[en] Apache Spark Direct
[en] Connection Type | [en] REST/HTML Server |
[en] Distributions Validated On | [en] Hortonworks 2.6, Cloudera 5.7 |
[en] Server Details | [en] Apache Livy download information can be found here. |
[en] Type of Support | [en] In-Database |
[en] Validated On | [en] Apache Livy 0.3, Apache Spark 1.6, 2.0, 2.1, and 2.2 |
[en] Alteryx Tools Used to Connect
[en] In-database Workflow Processing
[en] Connect In-DB Tool

[en] Link
[en] Data Stream In Tool

[en] Link
[en] Apache Spark Code Tool

[en] Link
[en] Connect to Apache Spark by dragging a Connect In-DB tool or the Apache Spark Code tool onto the canvas. Create a new Livy connection using the Apache Spark Direct driver. Use the instructions below to configure the connection.
[en] Configure the Livy Connection Window
[en] To connect to Livy Server and create an Alteryx connection string:
[en] Add a new In-DB connection, setting DataSource to ApacheSparkDirect. For more information on setting up an In-DB connection, visit Connect In-DB Tool.
[en] On the Read tab, Driver will be locked to Apache Spark Direct. Click the ConnectionString drop-down arrow and select New database connection.
[en] Configure the LivyConnection window.
[en] Livy Server Configuration
[en] Select your security preference:
[en] Enter or paste the Host IP Address or DNS name of the Livy node within your Apache Spark cluster.

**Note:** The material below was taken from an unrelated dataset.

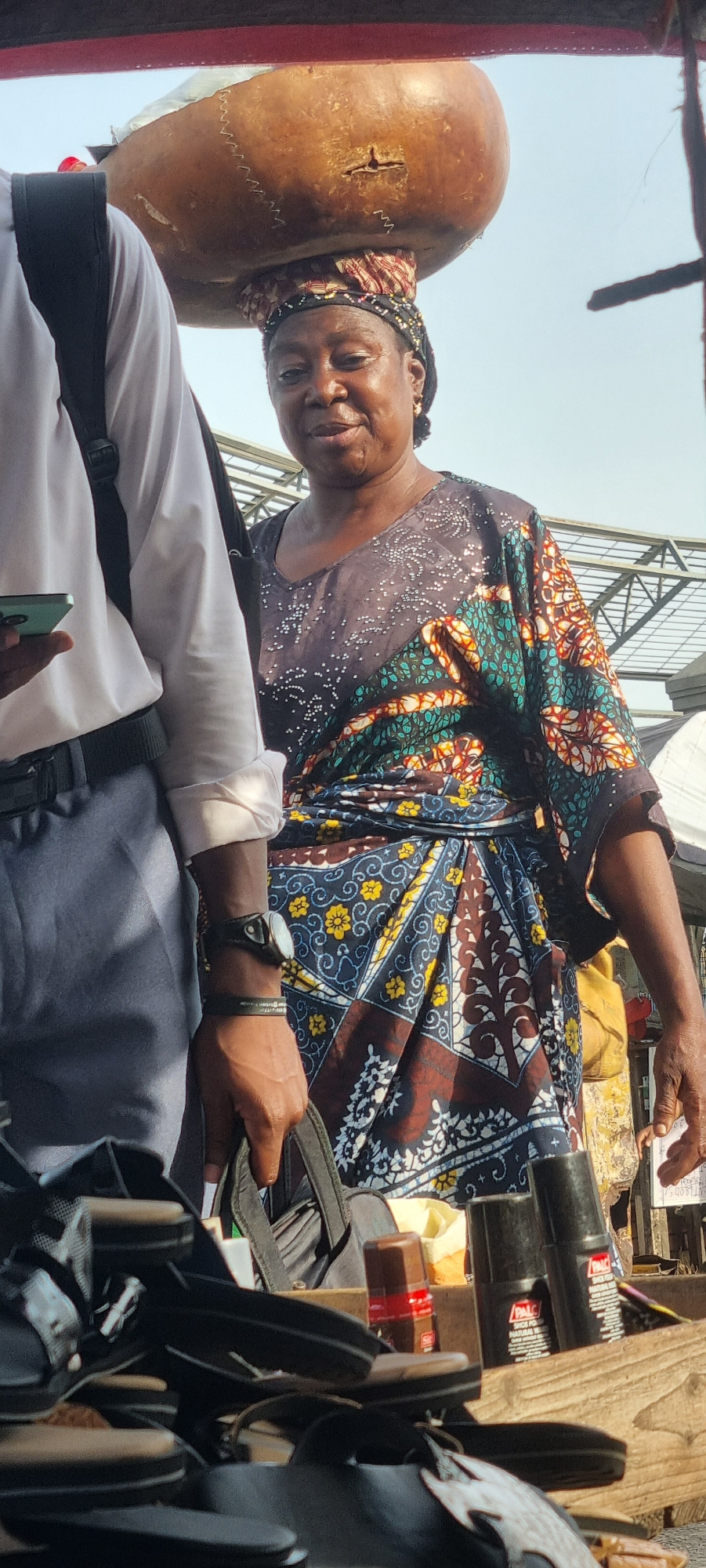 A middle-aged woman with a large gourd on her head looks down at a customer, possibly in a marketplace in Lagos, Nigeria. The woman wears a patterned dress and headwrap. The customer, wearing a white…read more

[en] Enter the Port used by Livy. The default port is 8998.
[en] Optionally provide the UserName to set user impersonation, the name that Apache Spark will use when running jobs.
[en] Enter or paste the URL of your Knox gateway.

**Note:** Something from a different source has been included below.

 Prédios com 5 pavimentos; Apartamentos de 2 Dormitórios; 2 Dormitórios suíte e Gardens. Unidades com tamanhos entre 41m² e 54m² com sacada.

[en] Enter the UserName and Password associated with the specified gateway.
[en] Optionally test the connection:
[en] Select the ApacheSparkVersion used on your cluster.
[en] Select the Kerberos connection type.
[en] Select Test.
[en] Set the ConnectionMode to the coding language to use in the Apache Spark Code tool.
[en] HDFS Connection
[en] Select the ServerConfiguration option that matches the HDFS protocol used to communicate with the cluster.
[en] Enter the Host IP Address or DNS name for the HDFS name node within your Apache Spark cluster.
[en] Enter the Port number. The default port will be populated automatically.
[en] Enter the Host IP Address or DNS name for the HDFS name node within your Apache Spark cluster.
[en] Enter the Port number. The default port will be populated automatically.
[en] Enter or paste the URL of your Knox gateway.
[en] Optionally enter the Username for the HDFS connection.
[en] Optionally enter the Password for the HDFS connection.
[en] Select the Kerberos protocol to use.
[en] Advanced Options
[en] Set the Poll Interval (ms), the time between checks from Alteryx for Apache Spark code execution requests. The default is 1,000 ms, or 1 second.
[en] Set the Wait Time (ms), the time that Alteryx waits for execution requests to complete. Operations that take longer than the set wait time result in a time-out error. The default is 60,000 ms or 1 minute.
[en] The Apache Spark Configuration Options customize the created Apache Spark context and allow advanced users to override the default Apache Spark settings.
注意
[en] By default, the Configuration Option is spark.jars.packages and the Value is com.databricks:spark-csv_2.10:1.5.0,com.databricks:spark-avro_2.10:2.0.1. Depending on your Apache Spark version, you might need to override the default value.
[en] Apache Spark Version | [en] Value |
---|---|
2.0 - 2.1 | [en] com.databricks:spark-avro_2.11:3.2.0;com.databricks:spark-csv_2.11:1.5.0 |
2.2 | [en] com.databricks:spark-avro_2.11:4.0.0;com.databricks:spark-csv_2.11:1.5.0 |
[en] Select (+ icon) to add another row to the configuration options table.
[en] Select (save icon) to save the current advanced settings as a JSON file. The file can then be loaded into the advanced settings of another connection.
[en] Select (open icon) to load a JSON file into the configuration options table.
[en] Select OK to create your Apache Spark Direct connection.
[en] Limitations
[en] At this time, Alteryx supports native Spark in Cloudera Data Platform (CDP) but not Cloudera Distributed Hadoop (CDH).
[en] TLS/SSL enabled Livy Servers are not supported.